◆ **Your goal**
Starting at the top line, print the entries below exactly as they are and skip every picture.
--- Data records Enclosed Below ---
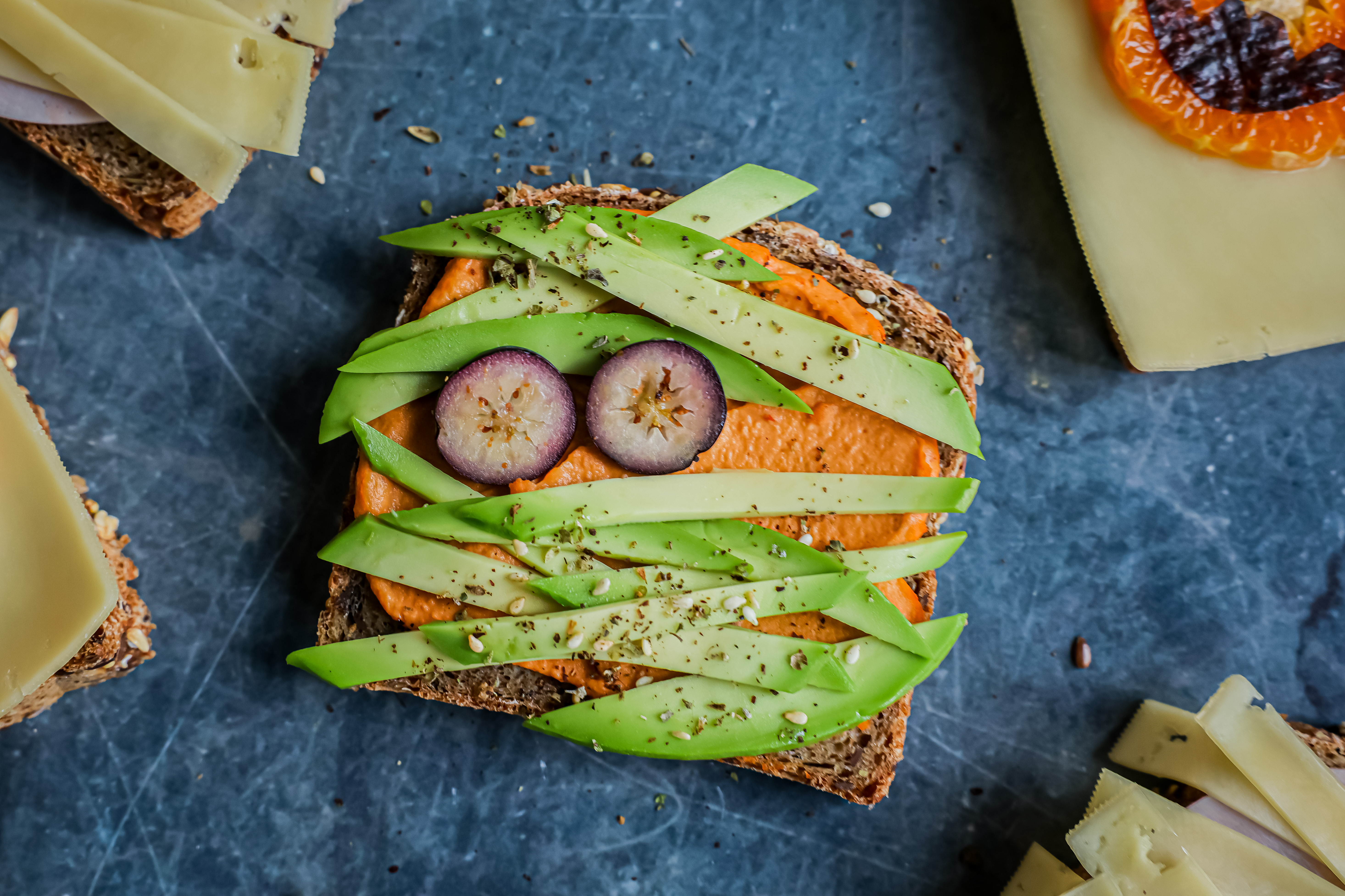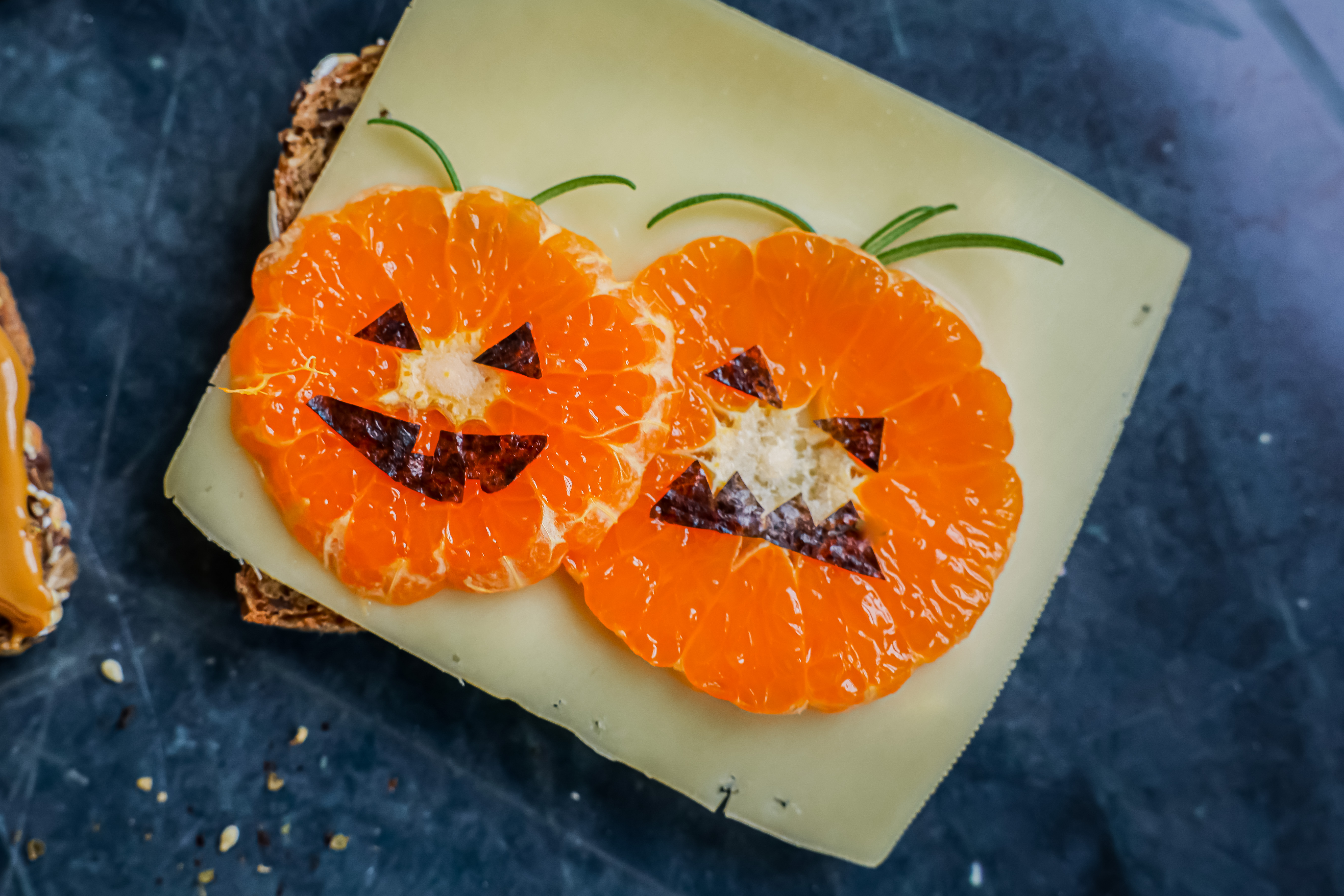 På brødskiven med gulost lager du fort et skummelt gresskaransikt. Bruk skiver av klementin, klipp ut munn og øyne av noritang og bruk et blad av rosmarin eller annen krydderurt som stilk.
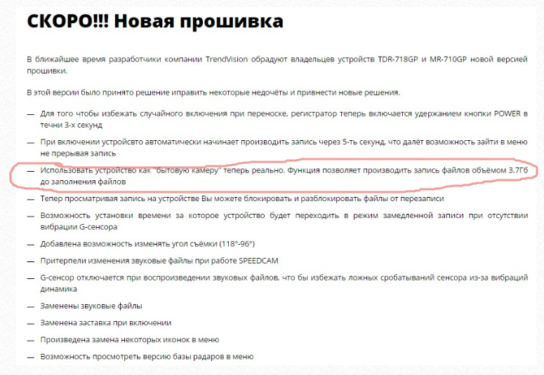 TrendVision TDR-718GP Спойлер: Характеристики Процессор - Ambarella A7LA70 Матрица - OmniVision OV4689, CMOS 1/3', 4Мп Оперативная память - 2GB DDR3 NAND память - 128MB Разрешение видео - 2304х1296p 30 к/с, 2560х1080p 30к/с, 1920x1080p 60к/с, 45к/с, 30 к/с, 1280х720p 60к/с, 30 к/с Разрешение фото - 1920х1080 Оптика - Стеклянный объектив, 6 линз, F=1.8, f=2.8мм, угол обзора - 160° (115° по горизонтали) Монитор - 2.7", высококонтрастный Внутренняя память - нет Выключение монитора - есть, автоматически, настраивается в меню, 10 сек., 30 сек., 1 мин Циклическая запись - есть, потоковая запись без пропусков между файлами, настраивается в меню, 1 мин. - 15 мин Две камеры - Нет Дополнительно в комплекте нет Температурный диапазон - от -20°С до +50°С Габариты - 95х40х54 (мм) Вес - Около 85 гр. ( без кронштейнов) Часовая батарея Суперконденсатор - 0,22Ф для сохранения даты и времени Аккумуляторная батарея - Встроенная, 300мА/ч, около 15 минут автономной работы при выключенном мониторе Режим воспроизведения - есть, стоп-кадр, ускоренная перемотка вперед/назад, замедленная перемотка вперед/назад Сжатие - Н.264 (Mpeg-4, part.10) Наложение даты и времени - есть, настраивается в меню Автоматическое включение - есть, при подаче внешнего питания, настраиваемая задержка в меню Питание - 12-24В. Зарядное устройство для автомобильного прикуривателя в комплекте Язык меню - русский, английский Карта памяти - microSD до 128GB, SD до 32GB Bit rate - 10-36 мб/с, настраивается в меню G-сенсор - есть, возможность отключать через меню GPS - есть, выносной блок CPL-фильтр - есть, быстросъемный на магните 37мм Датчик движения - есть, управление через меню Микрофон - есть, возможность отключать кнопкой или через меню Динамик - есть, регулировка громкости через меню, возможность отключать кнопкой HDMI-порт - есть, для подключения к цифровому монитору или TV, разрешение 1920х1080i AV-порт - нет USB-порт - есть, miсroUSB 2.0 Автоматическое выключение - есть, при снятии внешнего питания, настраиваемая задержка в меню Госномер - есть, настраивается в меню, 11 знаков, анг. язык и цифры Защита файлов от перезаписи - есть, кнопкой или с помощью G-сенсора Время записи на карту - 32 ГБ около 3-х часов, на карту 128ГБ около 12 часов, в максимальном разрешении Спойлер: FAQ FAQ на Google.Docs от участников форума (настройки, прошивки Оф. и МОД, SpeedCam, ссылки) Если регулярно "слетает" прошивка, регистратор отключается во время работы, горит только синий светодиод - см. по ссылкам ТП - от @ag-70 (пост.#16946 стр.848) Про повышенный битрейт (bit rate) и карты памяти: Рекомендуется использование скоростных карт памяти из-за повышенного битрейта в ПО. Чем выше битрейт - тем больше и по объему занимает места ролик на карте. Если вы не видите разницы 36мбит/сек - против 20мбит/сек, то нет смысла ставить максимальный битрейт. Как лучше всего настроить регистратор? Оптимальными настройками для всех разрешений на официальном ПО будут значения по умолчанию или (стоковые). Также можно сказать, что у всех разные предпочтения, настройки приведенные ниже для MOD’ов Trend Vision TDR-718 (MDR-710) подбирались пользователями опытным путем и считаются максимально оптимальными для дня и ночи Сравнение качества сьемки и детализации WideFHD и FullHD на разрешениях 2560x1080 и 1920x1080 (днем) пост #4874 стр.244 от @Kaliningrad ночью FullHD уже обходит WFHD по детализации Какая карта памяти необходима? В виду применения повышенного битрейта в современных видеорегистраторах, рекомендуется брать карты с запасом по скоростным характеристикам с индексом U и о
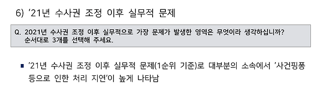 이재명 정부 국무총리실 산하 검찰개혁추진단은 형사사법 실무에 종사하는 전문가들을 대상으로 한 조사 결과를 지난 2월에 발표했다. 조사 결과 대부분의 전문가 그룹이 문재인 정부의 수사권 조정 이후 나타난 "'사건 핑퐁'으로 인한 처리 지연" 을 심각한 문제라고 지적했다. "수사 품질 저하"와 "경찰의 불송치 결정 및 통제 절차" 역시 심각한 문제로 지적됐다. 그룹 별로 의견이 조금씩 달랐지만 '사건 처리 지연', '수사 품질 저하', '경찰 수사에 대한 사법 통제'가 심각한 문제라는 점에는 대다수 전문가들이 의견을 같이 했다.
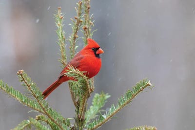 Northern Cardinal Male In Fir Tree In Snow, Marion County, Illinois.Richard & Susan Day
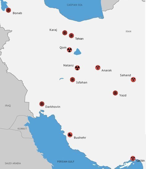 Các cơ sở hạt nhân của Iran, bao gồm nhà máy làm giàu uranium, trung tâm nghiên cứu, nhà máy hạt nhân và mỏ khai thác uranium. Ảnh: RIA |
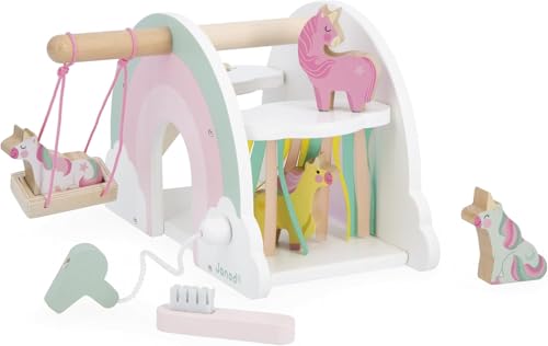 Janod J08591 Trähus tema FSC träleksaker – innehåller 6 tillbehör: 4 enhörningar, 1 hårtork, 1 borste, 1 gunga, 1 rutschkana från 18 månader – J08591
--- End of Enclosed Data records ---
◆ **Answer for the task**
 På brødskiven med gulost lager du fort et skummelt gresskaransikt. Bruk skiver av klementin, klipp ut munn og øyne av noritang og bruk et blad av rosmarin eller annen krydderurt som stilk.
 TrendVision TDR-718GP Спойлер: Характеристики Процессор - Ambarella A7LA70 Матрица - OmniVision OV4689, CMOS 1/3', 4Мп Оперативная память - 2GB DDR3 NAND память - 128MB Разрешение видео - 2304х1296p 30 к/с, 2560х1080p 30к/с, 1920x1080p 60к/с, 45к/с, 30 к/с, 1280х720p 60к/с, 30 к/с Разрешение фото - 1920х1080 Оптика - Стеклянный объектив, 6 линз, F=1.8, f=2.8мм, угол обзора - 160° (115° по горизонтали) Монитор - 2.7", высококонтрастный Внутренняя память - нет Выключение монитора - есть, автоматически, настраивается в меню, 10 сек., 30 сек., 1 мин Циклическая запись - есть, потоковая запись без пропусков между файлами, настраивается в меню, 1 мин. - 15 мин Две камеры - Нет Дополнительно в комплекте нет Температурный диапазон - от -20°С до +50°С Габариты - 95х40х54 (мм) Вес - Около 85 гр. ( без кронштейнов) Часовая батарея Суперконденсатор - 0,22Ф для сохранения даты и времени Аккумуляторная батарея - Встроенная, 300мА/ч, около 15 минут автономной работы при выключенном мониторе Режим воспроизведения - есть, стоп-кадр, ускоренная перемотка вперед/назад, замедленная перемотка вперед/назад Сжатие - Н.264 (Mpeg-4, part.10) Наложение даты и времени - есть, настраивается в меню Автоматическое включение - есть, при подаче внешнего питания, настраиваемая задержка в меню Питание - 12-24В. Зарядное устройство для автомобильного прикуривателя в комплекте Язык меню - русский, английский Карта памяти - microSD до 128GB, SD до 32GB Bit rate - 10-36 мб/с, настраивается в меню G-сенсор - есть, возможность отключать через меню GPS - есть, выносной блок CPL-фильтр - есть, быстросъемный на магните 37мм Датчик движения - есть, управление через меню Микрофон - есть, возможность отключать кнопкой или через меню Динамик - есть, регулировка громкости через меню, возможность отключать кнопкой HDMI-порт - есть, для подключения к цифровому монитору или TV, разрешение 1920х1080i AV-порт - нет USB-порт - есть, miсroUSB 2.0 Автоматическое выключение - есть, при снятии внешнего питания, настраиваемая задержка в меню Госномер - есть, настраивается в меню, 11 знаков, анг. язык и цифры Защита файлов от перезаписи - есть, кнопкой или с помощью G-сенсора Время записи на карту - 32 ГБ около 3-х часов, на карту 128ГБ около 12 часов, в максимальном разрешении Спойлер: FAQ FAQ на Google.Docs от участников форума (настройки, прошивки Оф. и МОД, SpeedCam, ссылки) Если регулярно "слетает" прошивка, регистратор отключается во время работы, горит только синий светодиод - см. по ссылкам ТП - от @ag-70 (пост.#16946 стр.848) Про повышенный битрейт (bit rate) и карты памяти: Рекомендуется использование скоростных карт памяти из-за повышенного битрейта в ПО. Чем выше битрейт - тем больше и по объему занимает места ролик на карте. Если вы не видите разницы 36мбит/сек - против 20мбит/сек, то нет смысла ставить максимальный битрейт. Как лучше всего настроить регистратор? Оптимальными настройками для всех разрешений на официальном ПО будут значения по умолчанию или (стоковые). Также можно сказать, что у всех разные предпочтения, настройки приведенные ниже для MOD’ов Trend Vision TDR-718 (MDR-710) подбирались пользователями опытным путем и считаются максимально оптимальными для дня и ночи Сравнение качества сьемки и детализации WideFHD и FullHD на разрешениях 2560x1080 и 1920x1080 (днем) пост #4874 стр.244 от @Kaliningrad ночью FullHD уже обходит WFHD по детализации Какая карта памяти необходима? В виду применения повышенного битрейта в современных видеорегистраторах, рекомендуется брать карты с запасом по скоростным характеристикам с индексом U и о
 이재명 정부 국무총리실 산하 검찰개혁추진단은 형사사법 실무에 종사하는 전문가들을 대상으로 한 조사 결과를 지난 2월에 발표했다. 조사 결과 대부분의 전문가 그룹이 문재인 정부의 수사권 조정 이후 나타난 "'사건 핑퐁'으로 인한 처리 지연" 을 심각한 문제라고 지적했다. "수사 품질 저하"와 "경찰의 불송치 결정 및 통제 절차" 역시 심각한 문제로 지적됐다. 그룹 별로 의견이 조금씩 달랐지만 '사건 처리 지연', '수사 품질 저하', '경찰 수사에 대한 사법 통제'가 심각한 문제라는 점에는 대다수 전문가들이 의견을 같이 했다.
 Northern Cardinal Male In Fir Tree In Snow, Marion County, Illinois.Richard & Susan Day
 Các cơ sở hạt nhân của Iran, bao gồm nhà máy làm giàu uranium, trung tâm nghiên cứu, nhà máy hạt nhân và mỏ khai thác uranium. Ảnh: RIA |
 Janod J08591 Trähus tema FSC träleksaker – innehåller 6 tillbehör: 4 enhörningar, 1 hårtork, 1 borste, 1 gunga, 1 rutschkana från 18 månader – J08591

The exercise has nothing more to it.